• **TASK INSTRUCTIONS**: Below, some lines carry pictures; leave those pictures out and retype exactly the lines from the one with "Head silhouette illustration" through the one with "SHEIN ICON Top".

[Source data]
▼▼▼

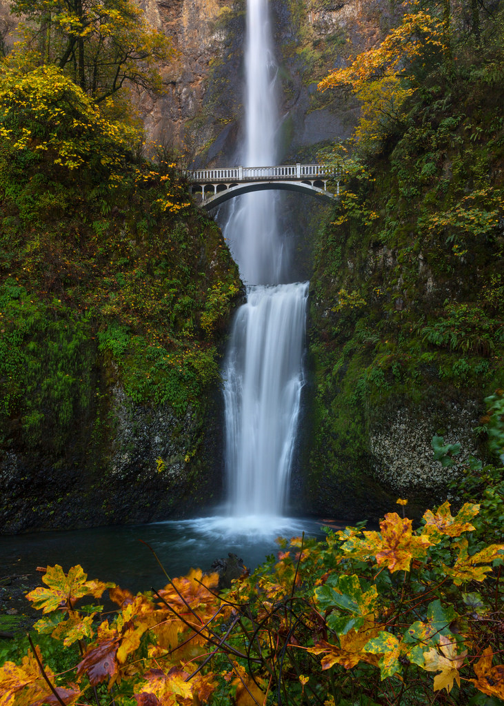 My timing wasn’t ideal. The waterfalls of the Columbia River Gorge are particularly photogenic in the spring, when the water levels are higher and the green of the surrounding vegetation is peaking. But the fall colors have their own appeal, even in the Pacific Northwest. And it was the perfect time of year for a quick stop I planned to make at the Japanese Gardens in Portland’s Washington Park. One of the highlights of the Gardens is an incredible Japanese maple tree with leaves that can turn bright red in the fall.
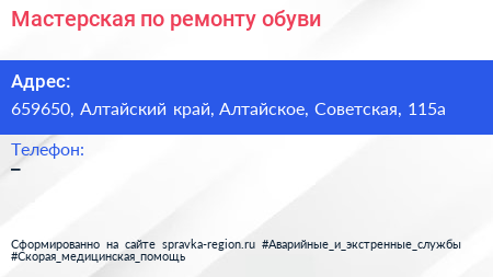 Мастерская по ремонту обуви по адресу 659650, Алтайский край, Алтайское, Советская, 115а в дальнейшем Организация, размещена в следующих категориях:
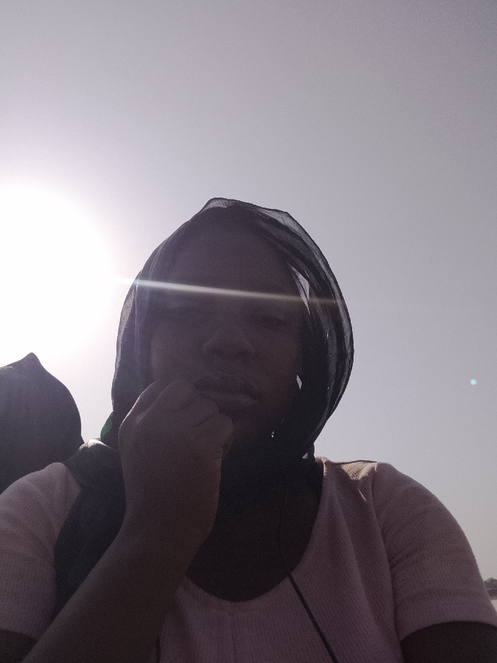 The scene depicts a single individual, appearing female, positioned outdoors in Ibi, Nigeria. The subject is captured from the chest up, silhouetted against a bright, overexposed sky, with strong direct sunlight originating from the upper left, causing significant lens flare across the subject's face. The individual wears a dark, sheer head covering. Facial features are obscured by shadow and glare. A light-colored, possibly pink or light brown, short-sleeved top with a visible texture is worn. The subject's right hand (viewer's left) is raised, with fingers curled and the knuckles resting near the chin or lower mouth area. A dark earbud cable is visible extending downwards from the subject's right side (viewer's left). To the far left, another indistinct, dark object is partially visible, also silhouetted against the bright sky. The environment is characterized by an open, outdoor setting with a clear, bright sky.
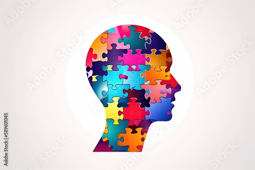 Head silhouette illustration and puzzle pieces, white background. Generative AI
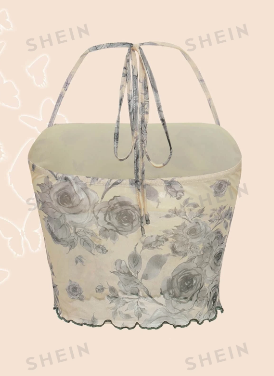 SHEIN ICON Top halter con estampado floral ribete en forma de lechuga de espalda abierta con cordón
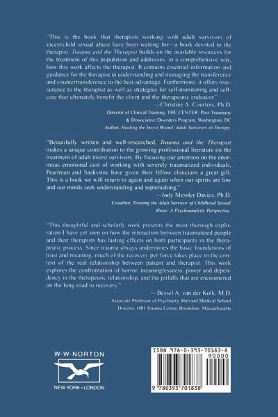 Trauma and the Therapist explores the role and experience of the therapist in the therapeutic relationship by examining countertransference (the therapist's response to the client) and vicarious traumatization (the therapist's response to the stories of abuse told by client after client). Therapists' awareness of attunement to these processes will inform their therapeutic interventions, enrich their work, and protect themselves and their clients. The authors also offer many strategies for avoiding the countertransference vicarious traumatization cycle. While the topic is specific, the authors' approach is broad, drawing from and synthesizing the diverse literature on countertransference and trauma theory. Utilizing the sophistication of psychoanalytic theory and the specificity of contemporary trauma theory, Pearlman and Saakvitne present their approach clearly and compellingly. This book will help all therapists treating incest survivors feel less isolated and traumatized by their work, and give them a renewed appreciation of its rewards.
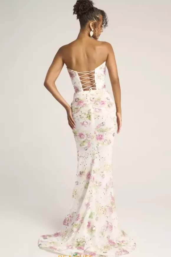 Exude timeless elegance in this stunning long fitted dress designed by Portia and Scarlett style, PS26021. Featuring a strapless sweetheart neckline and an outstanding corset with a flattering lace up back. This entire dress is detailed with a mix of dazzling beadwork, sequins and applique. A thigh high slit and a lovely long train is the perfect final touch.
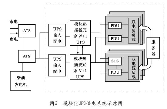 該方案采用模塊化UPS組成“1+1”雙總線供電係統,解決單點故障瓶頸,一般單機容量在200~480kVA比較合適。供電方案如圖3所示。
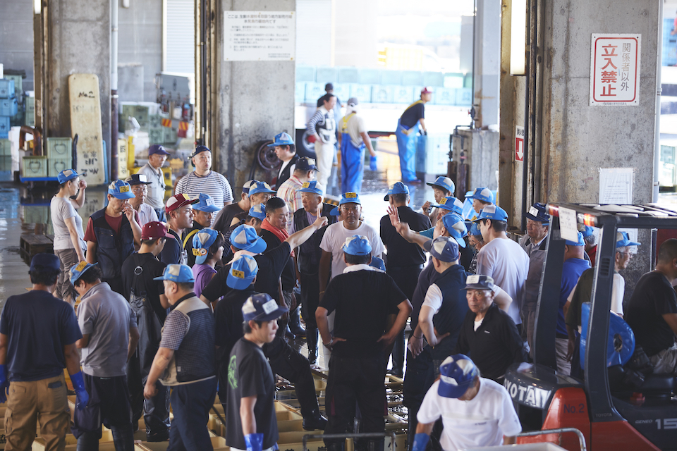朝の漁港は漁師、買い付けの業者、そして隙あらばと獲物を狙う海鳥たちの活気に満ちている。あるところで競りの人だかりができると、すぐにまた移動し、また、と繰り返しながらどんどんと魚が売られていく。
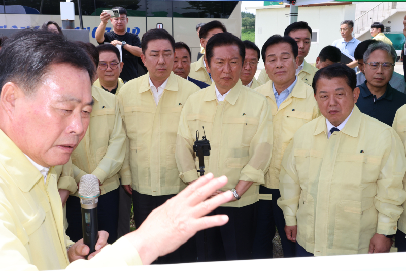 한 수해 주민이 “아이들이 책도, 가방도 없이 맨몸으로 학교에 다니고 있다”고 호소하자, 정 대표는 김 군수에게 “군에서 예산 있으면 당장 오늘이라도 지원해 줬으면 좋겠다”고 주문했다.
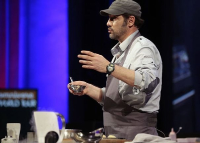 Chef cuisinier, artisan, enseignant. Aujourd’hui Thierry Marx est sur la scène d’Omnivore avec un chimiste, Raphael Haumont. Deux cerveaux pour une même passion. Bienvenue dans la cuisine du futur. Ils ont crée le Centre français d’innovation culinaire qui met la technologie au service des émotions culinaires. Thierry Marx vient aussi parler de son école parisienne, « Cuisine, mode d’emploi(s) », après avoir réchauffé l’huître avec une infusion de jasmin» puis du biscuit en mousse de lait de coco. Démo ébouriffante ! Thierry Marx se met au service du produit. Plus du tout d’excès ni d’exagération. La vérité dans sa simplicité. Il rappelle les bases du cuisinier : maîtrise du temps, du geste et du feu !
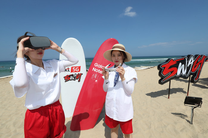 KT가 9일부터 강원도 양양군 서피비치에서진행되는 ‘KT 5G 비치 페스티벌SWAG’을 통해 첫 선을 보인5G 액티비티는 서핑과 제트서핑,짚라인이다. 제트서핑과 짚라인을 이용하는 고객은‘리얼360 넥밴드’와 ‘싱크뷰(Sync view)’를 통해 360도로 바다 및 해변의 전경과 본인의 1인칭 시점을 영상으로 볼 수 있다.또 서핑을 하는 서퍼들은멀티 카메라인 ‘포지션뷰(Position view)’를 통해 자신의 서핑 장면을 여러 각도에서 촬영해 볼 수 있다.
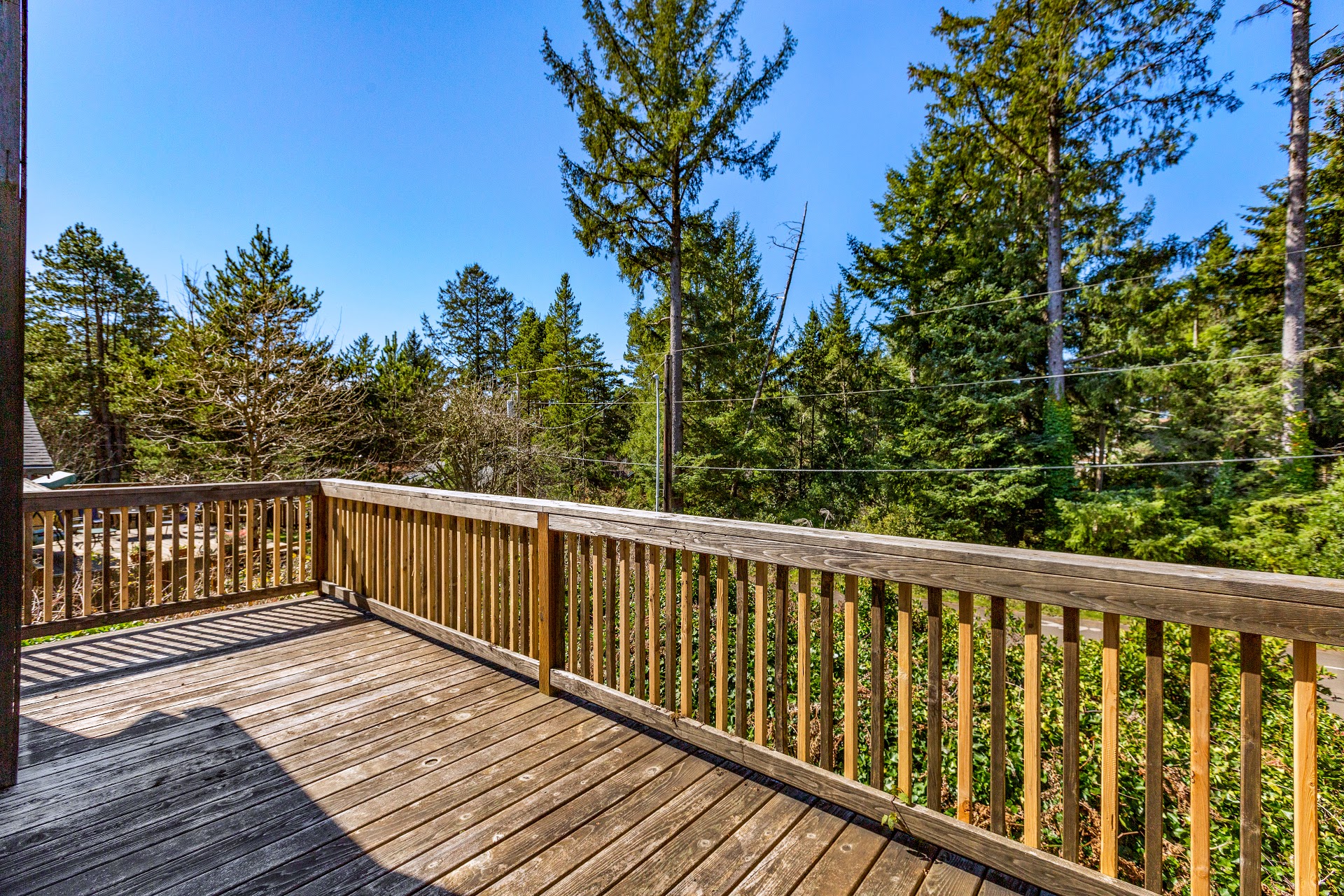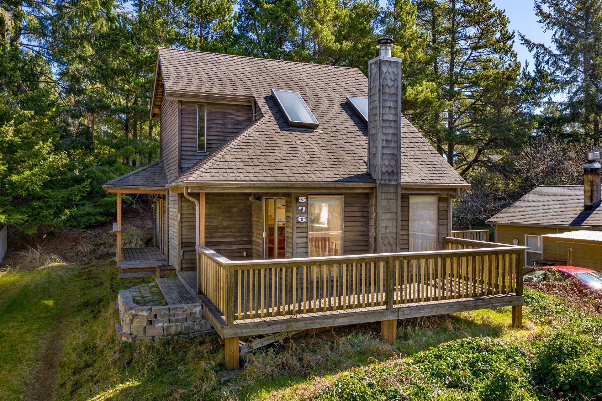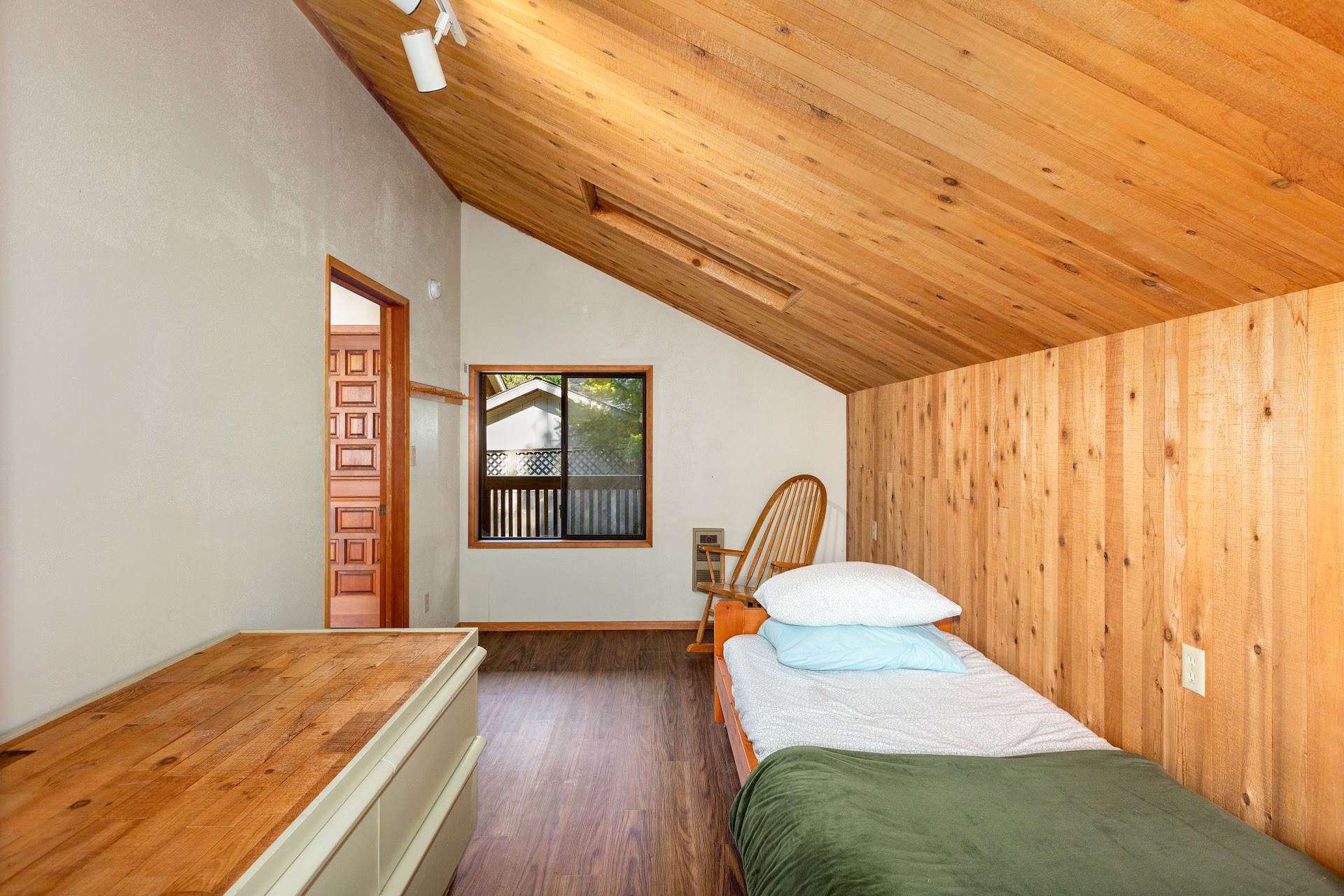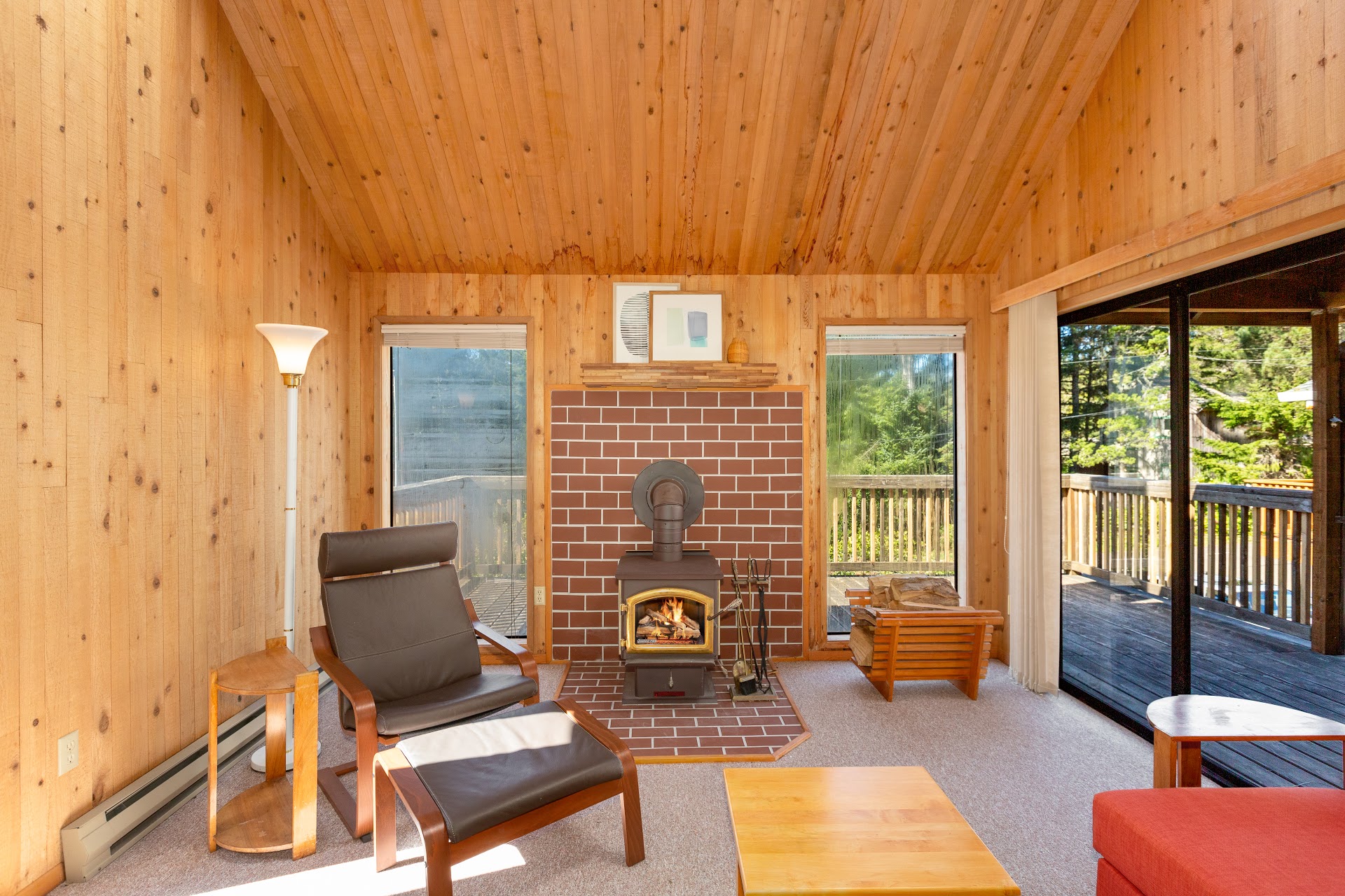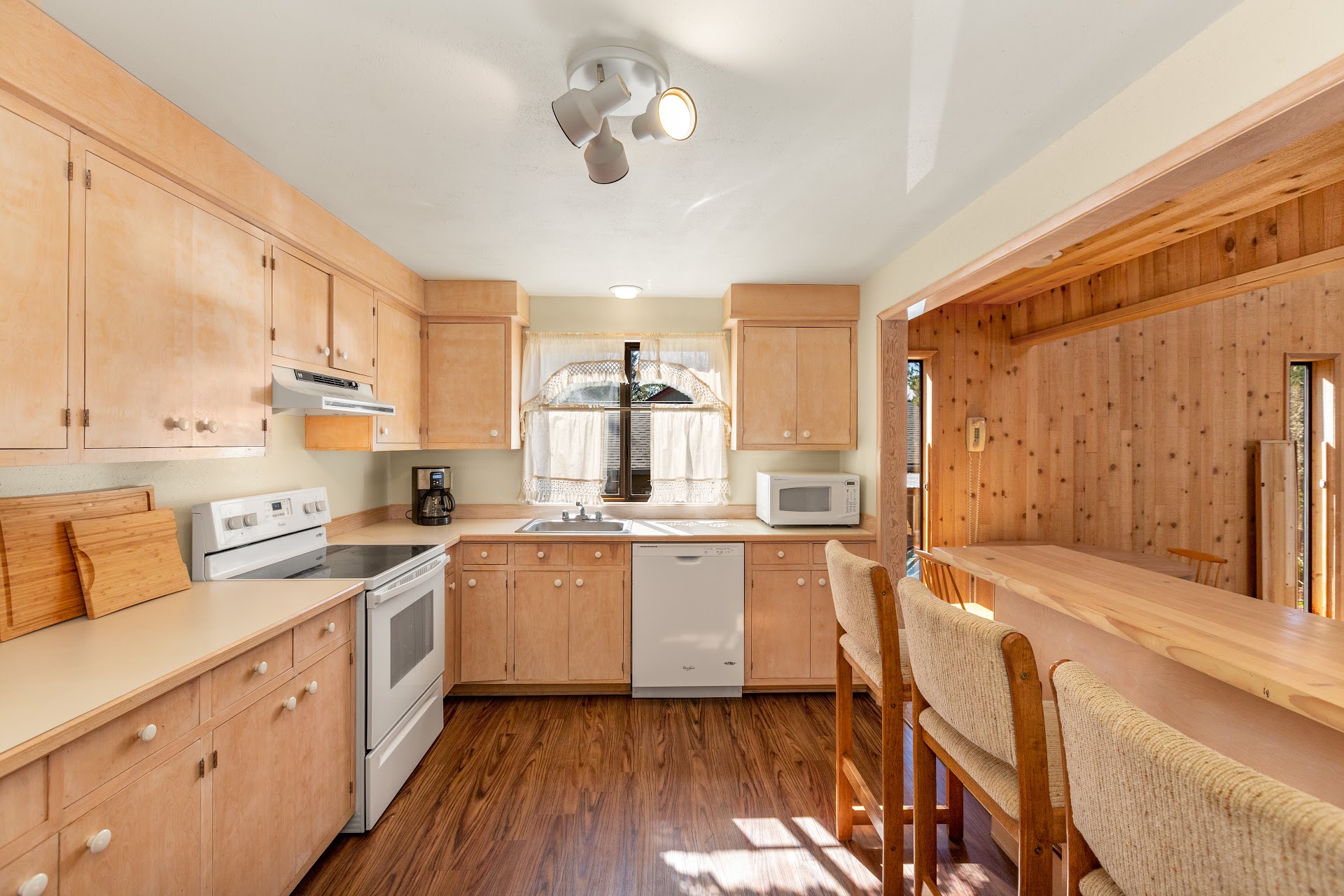 Tucked into an elevated bluff & surrounded by greenery, the 1,050 sq ft home features 1 bedroom + loft and 1 1/2 bathrooms in an open floor plan. A beautiful wooden door offers a stately welcome. Skylights and well-placed windows bathe the interior with natural light, and front deck creates outdoor connection. Throughout the years, the home’s handcrafted details were added to include intricate wood detailing on the front of the kitchen bar.

▲▲▲

• **RESULT FOR THIS EXERCISE**:
 Head silhouette illustration and puzzle pieces, white background. Generative AI
 SHEIN ICON Top halter con estampado floral ribete en forma de lechuga de espalda abierta con cordón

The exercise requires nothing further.